Lloyd never took directorial credit on his movies. That usually went to people like Fred Newmeyer and Sam Taylor here. (The writing team on Safety Last! included Roach, Taylor, Tim Whelan and Lloyd.) But if ever an actor was the auteur of his movies, it was Harold Lloyd. He planned and executed the stunts; he structured the stories, he created the character, He was the go-getter, the boy, the guy with the glasses, the man who stopped time and dangled from its hands. He was a genius and an athlete, and he excelled at playing ordinary Joes in extraordinary pickles. He was one actor who didn’t leave all the risky stuff to the stunt men.

We mentioned that on the Safety Last! climb, there was no safety net, but only that mattress platform for protection.  Protection?
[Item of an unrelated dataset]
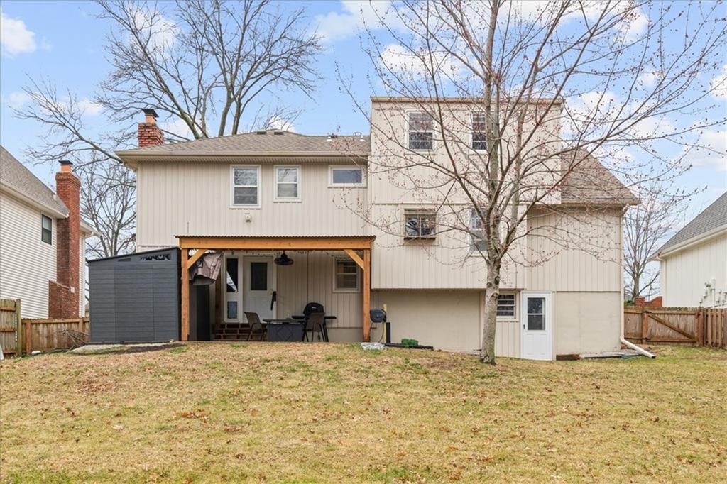 Welcome to this updated, upgraded and beautifully functional home nestled right in the highly coveted 95th & Antioch corridor of Johnson County. Enjoy being able to walk right across the street to Pawnee Elementary, or right around the corner and down the street to Strang Park, Johnson County's amazing new fenced-in children's park! There are so many reasons to love living here. Driving up, you'll be greeted by a generously sized 2 car garage, low maintenance siding and great curb appeal. Walking inside, you'll see a cozy living room with a beautiful custom accent wall, a great formal dining area and a large kitchen that offers an eat-in area that could also be utilized for more storage, etc. The primary suite offers two closets and a nice private full bathroom, the secondary rooms offer plenty of space for kiddos or guests, and the 4th room ensures plenty of space for years to come! Head downstairs to the den and find an extra half bathroom, convenient for guests, a beautiful fireplace that is ready for a gas insert to be hooked up if you prefer that, and a brand new door that walks out to the patio which boasts a brand new custom covering. As if you didn't have enough storage space, check out the brand new low maintenance shed right outside that helps to provide privacy on the back patio AND gives you a place to store extra outdoor equipment, etc. Going back inside and down to the basement, you'll realize that it doesn't feel like much of a basement, because not only is it large, clean and a fantastic place to knock out your laundry chores, it's a walkout, and could be used as a recreation room, workshop, or whatever your heart desires. Speaking of that generously sized 2 car garage, when you walk in there you'll notice new garage door opener machines and upgraded garage door brackets for smoothness, noise reduction and reliability. Appliances stay! Comes see this wonderful house and property and find out why it might just be the perfect home for you!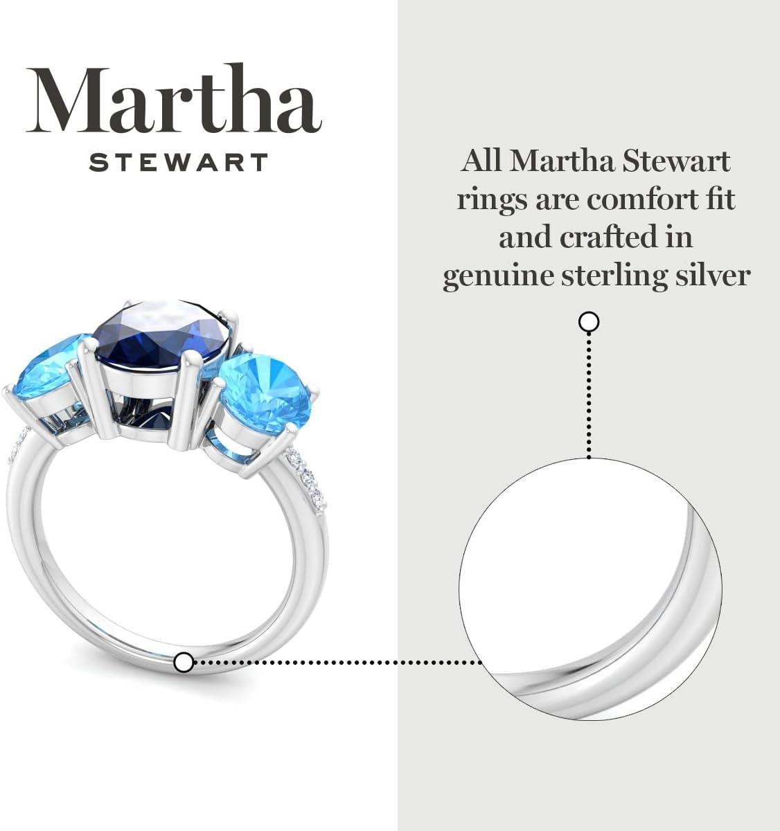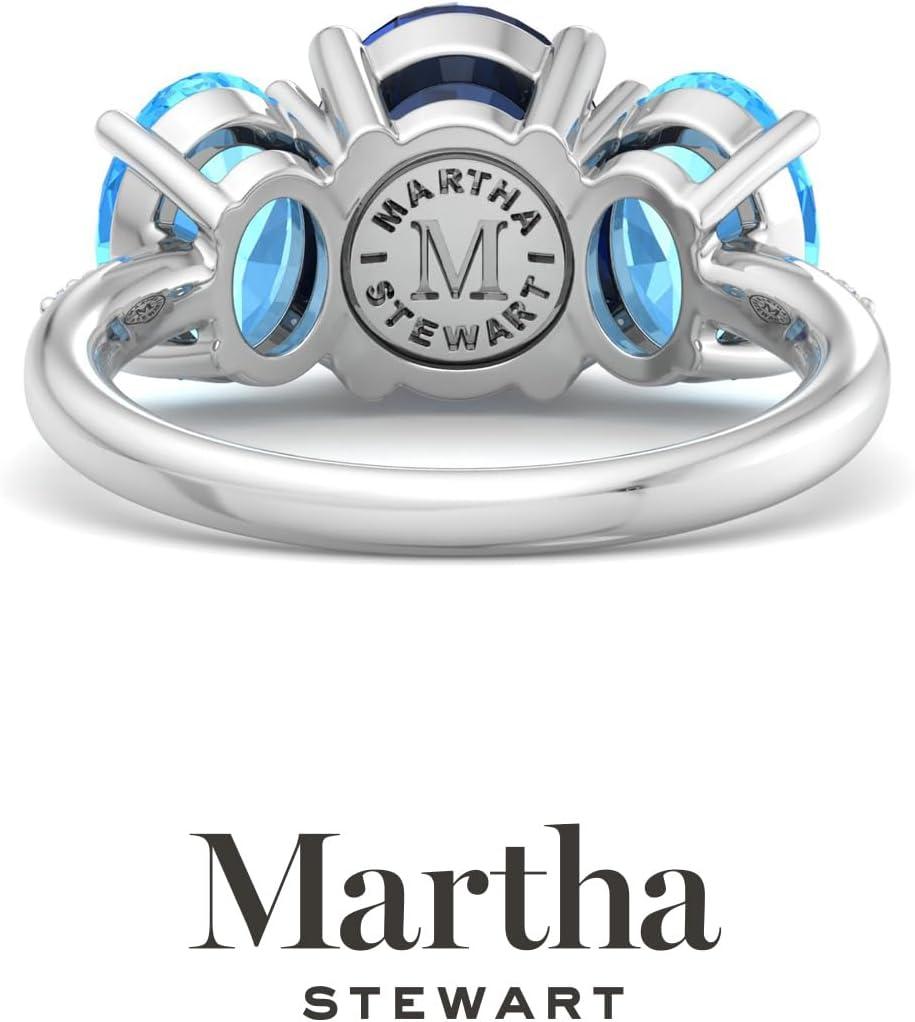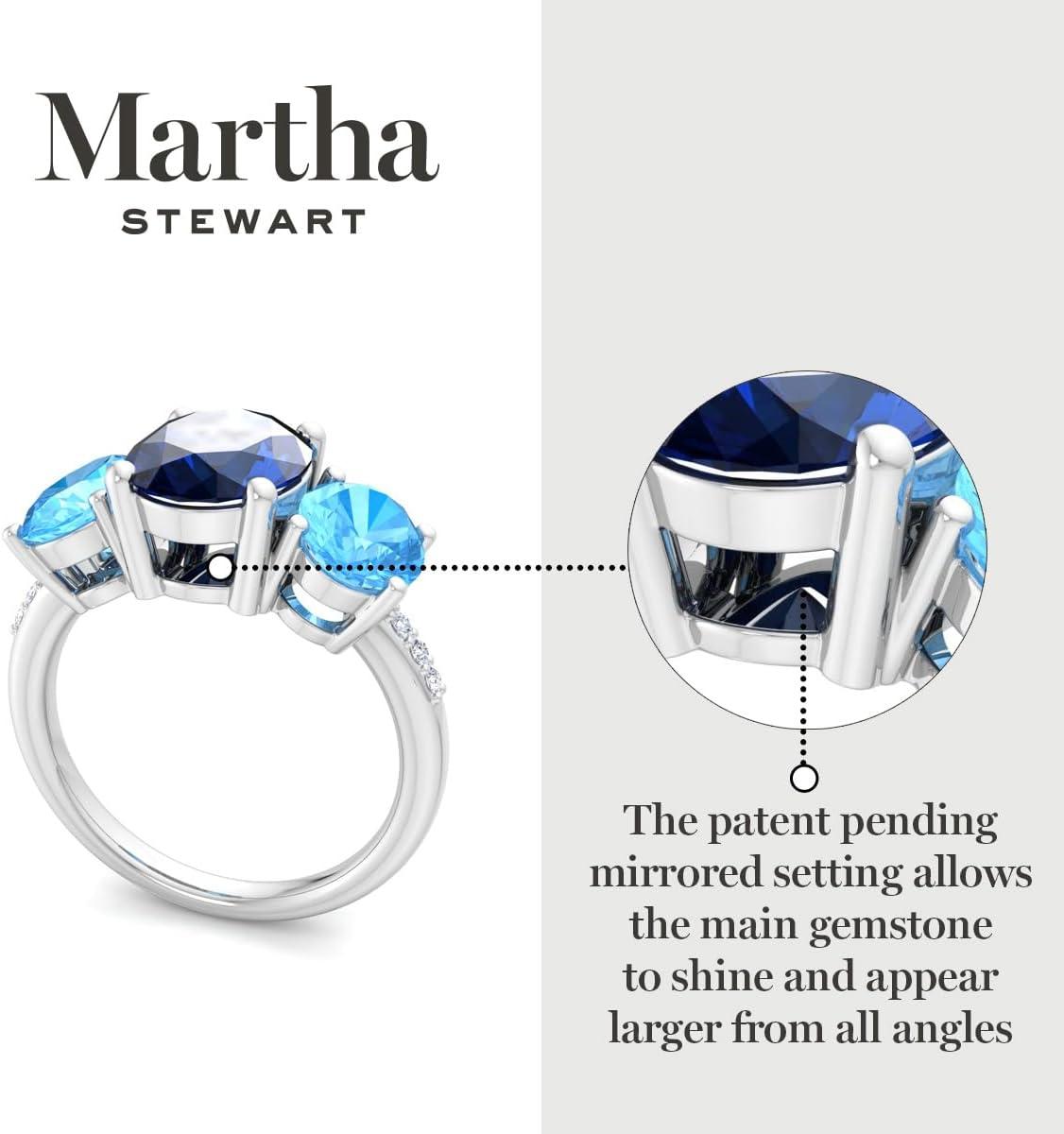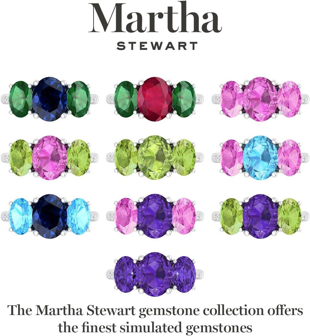 Martha Stewart 5 Carat Oval Shape Gemstone Three Stone Ring with Lab Grown Diamonds in Sterling Silver, Choose Your Gemstone(Option 9)

During the shoot, somebody dropped a dummy on the mattresses and the dummy bounced off  and fell to the street or roof below. Now Harold Lloyd was no fool. He must have been pretty damned sure he wasn‘t going to slip on any of his epic stunts. And he didn’t. Harold Lloyd: Whatta guy!

Extras: An unusually excellent package, including two musical scores for Safety Last!, one with orchestra by Carl Davis and one by organist Gaylord Carter; Commentary by Leonard Maltin and Richard Correll; Introduction by Suzanne Lloyd, Harold’s granddaughter and the president of Harold Lloyd Entertainment; Documentary Harold Lloyd: The Third Genius (1989) (three stars), narrated by Lindsay Anderson;  Three newly restored Harold Lloyd short comedies by Hal Roach (all three stars), Take a Chance (1918), Young Mr. Jazz (1919), and His Royal Slyness (1920), with commentary by Correll and John Bengston; Documentary Locations and Effects, with Bengston and Craig Barron; Interview with Carl Davis; Booklet with a keen-o essay by Ed Park.